The study utilized a "test-negative design" to evaluate vaccine performance during the 2025-2026 winter season. According to data obtained by sources familiar with the findings, the research concluded that the vaccine reduced emergency department visits by 50% and hospitalizations by 55% among healthy adults. This methodology is a long-standing standard in public health, used for decades to estimate the effectiveness of seasonal influenza and respiratory virus vaccines. Despite this, acting CDC Director Dr. Jay Bhattacharya reportedly intervened to halt the release, expressing a preference for randomized clinical trials over observational data to derive real-time estimates.
The cancellation has drawn sharp criticism from the scientific community. Dr. Michael Iademarco, who oversaw the MMWR from 2014 to 2022, described the move as unprecedented, noting that he had never seen a report blocked after reaching the final publication phase. Former CDC official Dr. Demetre Daskalakis characterized the decision as "cherry-picking" based on the biases of political leadership. Critics argue that the move undermines the CDC’s role as a source of transparent, real-time health data, particularly as the methodology in question was used in a flu vaccine study published in the MMWR just one week prior to the COVID-19 report's scheduled release.
This development follows a series of significant shifts in U.S. health policy under HHS Secretary Robert F. Kennedy Jr. In May 2025, the administration ended recommendations for COVID-19 vaccinations for pregnant women and healthy children. The decision to nix the study also coincides with a period of intense legal scrutiny for the department. On March 16, 2026, U.S. District Judge Brian E. Murphy issued a preliminary injunction blocking an HHS overhaul of the childhood immunization schedule and suspending 13 members of the recently reconstituted Advisory Committee on Immunization Practices (ACIP).

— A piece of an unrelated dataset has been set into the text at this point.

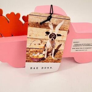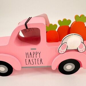 NWT Rae Dunn Pink Wood Truck Happy Easter Bunny Carrots Tabletop Decor

The dispute highlights a growing rift between career scientists and political appointees within federal health agencies. While HHS maintains that the rejection is a matter of ensuring the highest standards of scientific rigor, public health advocates express concern that the suppression of efficacy data could have broader implications for national health policy and public trust. The administration’s pivot toward requiring randomized trials for routine surveillance is viewed by many researchers as an impractical standard that would effectively eliminate the government's ability to provide timely updates on vaccine performance.